Francois Du Bois, ‘Harassment: A Wrong Without a Right?’

Abstract:
The statutory tort of harassment has emerged as a wrong of astonishing versatility, often providing claimants with a way round the strict requirements of the common law torts as well as the more targeted rules contained in anti-discrimination legislation. This is no accident. The Protection from Harassment Act 1997 (PHA) was enacted with the specific purpose of creating a wrong that could be committed regardless of whether an existing right was being infringed, attacked or even threatened. Yet the central feature of the common law of torts has long been that he wrongfulness of an act turns on whether it has infringed an interest sufficiently important to be the object of an individual right. Does this modern home-grown equivalent of the Roman delict of iniuria therefore compromise the integrity of tort law?

This paper shows that harassment law, as crafted jointly by Parliament and the courts, distinguishes among harms on the basis of whether they result from a targeted reprehensible flouting of ‘civility rules’. Only courses of action that pass this test constitute harassment. It argues that this represents a viable alternative to the standard rights-based approach of the common law torts. Harassment is concerned with duties of manner, a species of duties which not only can be distinguished from rights-based duties, but in this instance also should be kept separate from rights. The rights-based approach ensures that the common law of tort complies with the Harm Principle, but this is not the only way in which compliance can be secured. Robert Audi’s discussion of a ‘wrong within a right’ helps both to highlight why it is vital to maintain the distinctive conceptual content of the notion of a right and to illustrate the possibility of wrongs which do not consist in violations of rights. The PHA’s core concern is the manner in which people exercise what one might call their residual general right to freedom of action and self-actualization – the freedom that is left over after due account has been taken of the obligations imposed by the rights of others. The civility rules by means of which the courts pursue this concern are, like the duties of friendship, special claims generated by a relationship involving mutual commitment and concern. They reflect justified expectations arising from the bonds of ‘civic friendship’ about the manner in which members of society are to exercise this residual general right. A violation of such expectations is wrong even though it takes place ‘within’ this right.
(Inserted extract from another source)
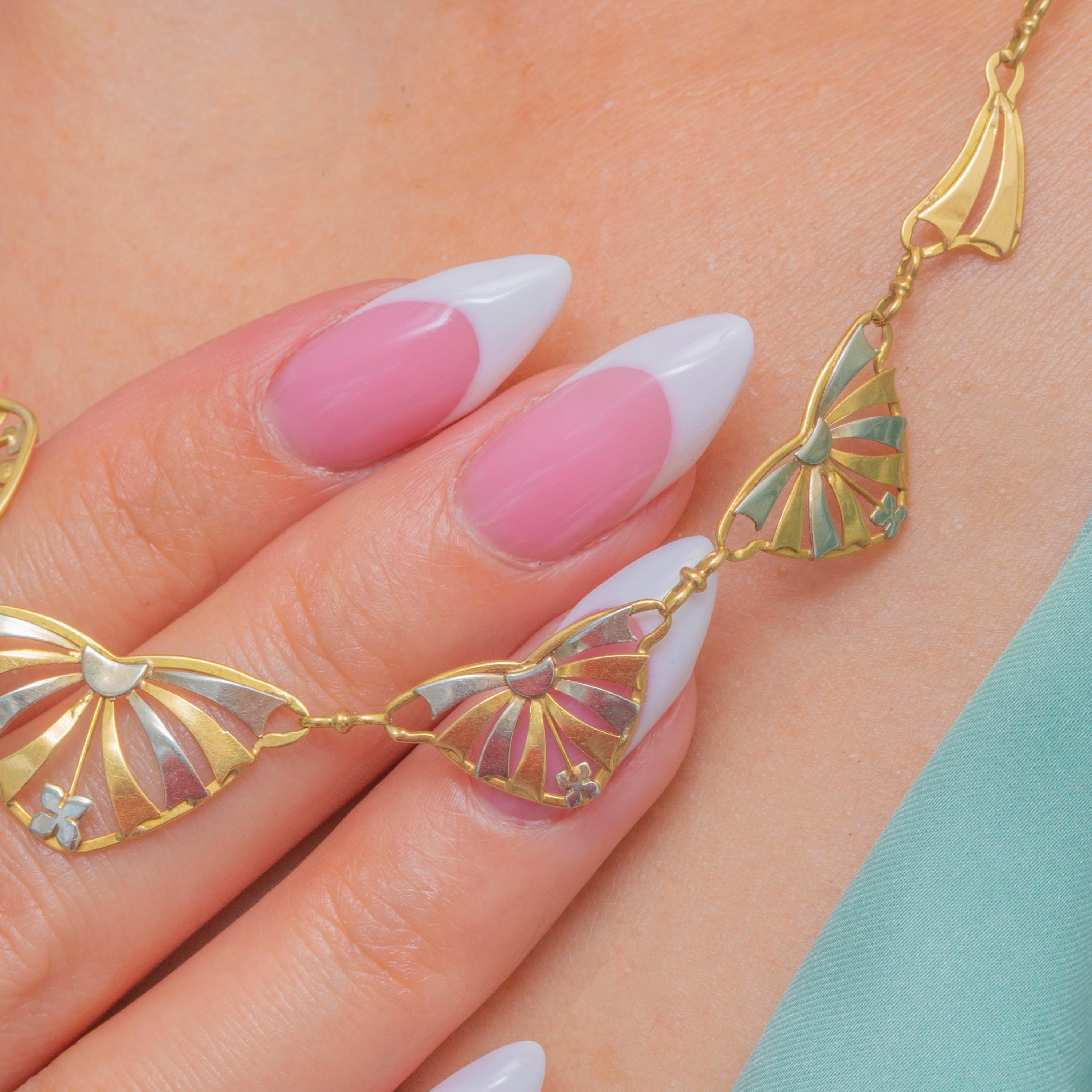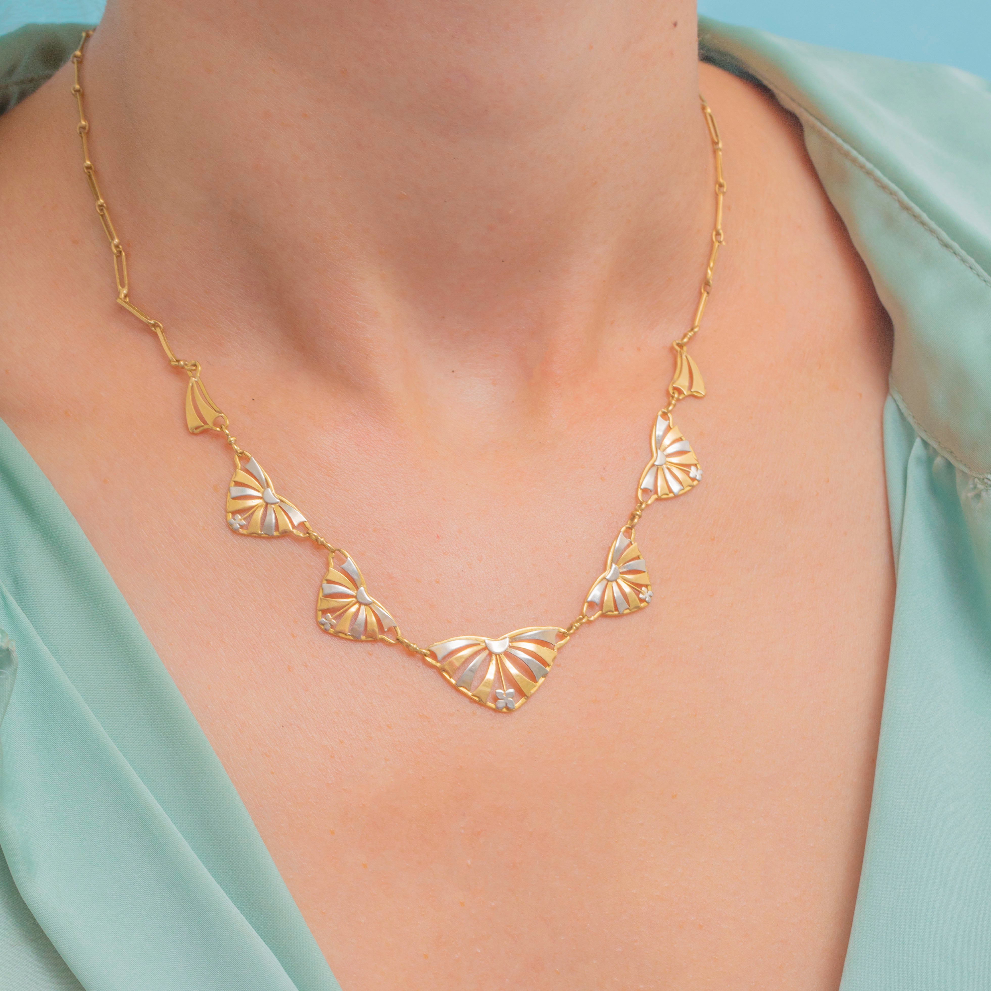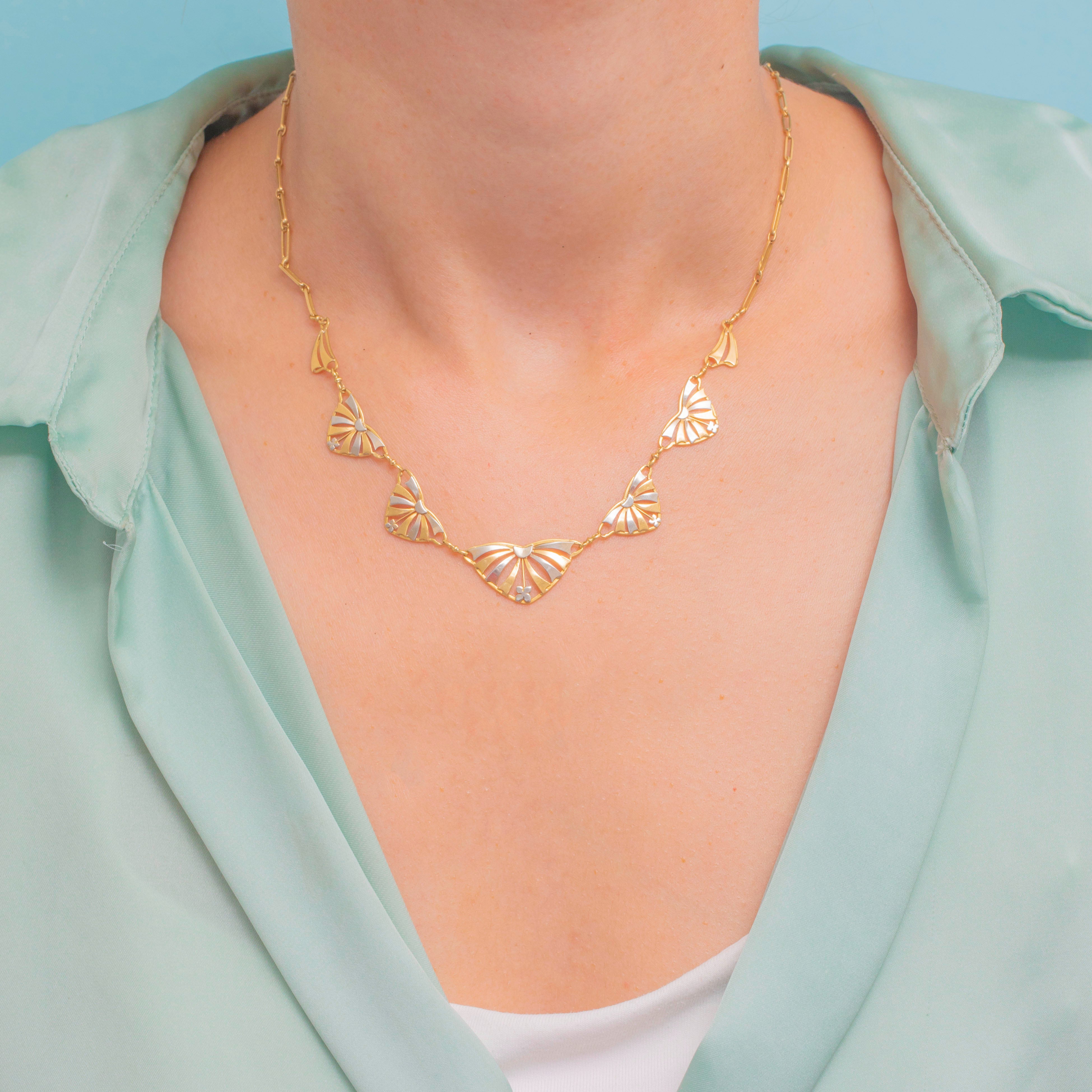 This French Art Deco necklace will make a fabulous addition to your collection. The 17" necklace has an alluring fan-shaped fringe that draws in the eye, crafted from solid 18ct Gold with White Gold accents creating a gorgeous two-tone effect!

This relationship between harassment and civility rules affirms the parallel with the Roman delict of iniuria. The paper concludes that this connection with the civilian tradition is interesting in its own right, but also, and importantly, means that the PHA is a valuable element in the approximation of English and Scots law to the protection of dignity as foreseen in the Principles of European Tort Law and the Draft Common Frame of Reference.

Du Bois, Francois, Harassment: A Wrong Without a Right? (January 9, 2013). Eric Descheemaeker & Helen Scott (eds.) Iniuria and the Common Law (Oxford, Hart Publishing: 2013), Forthcoming.